Berkaca pada kondisi konglomerasi keuangan yang kini terus mengalami perkembangan, Staf Ahli OJK Ryan Kiryanto mengatakan pihaknya akan memperkuat pengawasan tersebut. "Setidaknya, ada beberapa poin penting menurut OJK yang mengharuskan konglomerasi keuangan untuk diawasi lebih dalam," ujar Ryan dilansir Kontan.
Pertama, sektor keuangan punya perang signifikan dalam pembangunan perekonomian nasional. Kedua, pentingnya peran konglomerasi keuangan di Tanah Air. Ketiga, konglomerasi keuangan saat ini cenderung melakukan excessive risk taking produk. Keempat, produk/layanan jasa keuangan dari konglomerasi terjadi di lintas sektor, hal ini tentu menjadi sangat kompleks dan dinamis dan punya potensi meningkatkan eksposur risiko.

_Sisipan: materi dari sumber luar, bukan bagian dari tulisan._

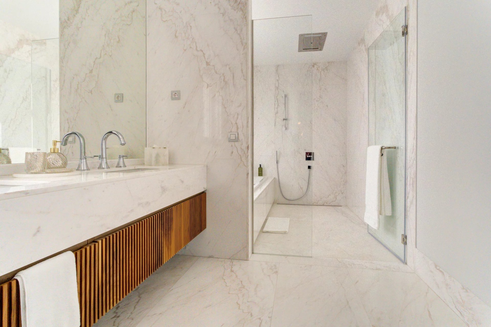 El baño de la suite principal cuenta con ducha y bañera. En total, el ático suma cuatro cuartos de baños más el de cortesía.

Kelima, sumber kerentanan krisis pada sektor keuangan tentu sekarang menjadi sangat beragam, sehingga pengawasan diperlukan untuk mencegah timbulnya risiko sistemik dalam sektor keuangan. "Best practice yang dipakai OJK saat ini adalah suatu yang tidak terhindarkan atau kemutlakan. Kita belajar dari krisis moneter tahun 1998 dan 2008," katanya dalam Video Conference di Jakarta, Rabu (2/9).
Sekadar informasi, merujuk pada data OJK tahun 2018, di Indonesia ada 48 konglomerasi keuangan yang menguasai Rp6.930 triliun aset jasa keuangan atau 65,8 persen dari total aset jasa keuangan di Indonesia Rp10.539 triliun.
Nah, dari angka tersebut 34 konglomerasi di antaranya berasal dari industri perbankan, yang per 2018 menguasai 84 persen dari total aset perbankan secara industri. Sementara sisanya, sebanyak 11 konglomerasi merupakan perusahaan industri keuangan non bank (IKNB) dan 3 konglomerasi dari pasar modal.